Documentation Checklist

  • [ ] Tooth number(s) clearly identified for each code (D4283 and D5999)

  • [ ] Clinical notes documenting the separate indications for both procedures

  • [ ] Date of service correctly recorded for each procedure

  • [ ] Periodontal chart with current pocket depth recordings

  • [ ] Pre-authorization for prosthetic services on file

  • [ ] Narrative attached if combining uncommon code pairs on the same claim

  • [ ] Patient's insurance eligibility confirmed for the date of service

Billing Tips to Avoid Denial

1. Perio treatment before denture delivery is planned care

SRP or periodontal surgery is often completed before denture fabrication to ensure a stable tissue environment. These are billed on their respective dates.

2. Partial denture adjustments and perio maintenance can be same-day

D5421 (partial denture adjustment) and D4910 (perio maintenance) on the same date is common in recall visits for partial denture wearers with periodontal history.

3. Document the perio status of the remaining dentition

The clinical record must show the periodontal health of teeth supporting a partial denture. This documentation supports both the perio and prosthodontic claims.

4. Tissue conditioning after perio treatment affects denture fit

After significant periodontal treatment, tissue conditioning (D5850/D5851) may be needed before the final denture is fabricated. These are separately billable and standard.

Frequently Asked Questions

Can D4283 and D5999 ever be billed together?

Yes, in most cases — see the bundling rule explanation above for the conditions and any exceptions.

What is the difference between D4283 and D5999?

D4283 covers autogenous connective tissue graft add-on services, while D5999 covers unspecified maxillofacial prosthesis services. They belong to different CDT categories and address different clinical procedures.

Will insurance pay for D4283 and D5999 on the same claim?

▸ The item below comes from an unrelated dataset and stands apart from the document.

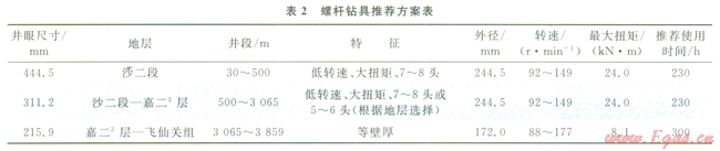 鉆井提速技術(shù)已經(jīng)廣泛應(yīng)用PDC鉆頭+螺桿鉆具的復(fù)合鉆井模式[2],螺桿的使用增加了井底鉆頭轉(zhuǎn)速從而大幅提高鉆井速度。但常規(guī)螺桿鉆具在大尺寸井段的扭矩不足,隨著井底溫度升高也會對螺桿定子橡膠產(chǎn)生影響[5-6],通過對不同井眼尺寸的螺桿鉆具應(yīng)用試驗效果進行分析,推薦了螺桿鉆具應(yīng)用的參數(shù)要求(2),從而更好地與PDC鉆頭使用時間匹配:

Coverage depends on the specific plan. Most carriers allow this combination with documentation. Always verify with the patient's specific plan before submitting.

What documentation is needed to bill D4283 with D5999?

At minimum: tooth numbers for each procedure, clinical notes documenting separate indications, and — for complex or unusual combinations — a brief narrative explaining why both were clinically necessary on the same date.

What happens if D4283 and D5999 are denied when billed together?

Submit an appeal with supporting documentation including the clinical chart notes, radiographs (if applicable), and a narrative explaining the separate clinical purposes. Most carriers have a formal appeal process that can reverse automatic denials.

Is it upcoding or fraud to bill D4283 and D5999 on the same day?

Billing two codes that represent genuinely distinct, separately documented services is not fraud — it is accurate coding. Fraud occurs when a code is billed for a service that was not performed. Ensure your chart documentation fully supports each code submitted.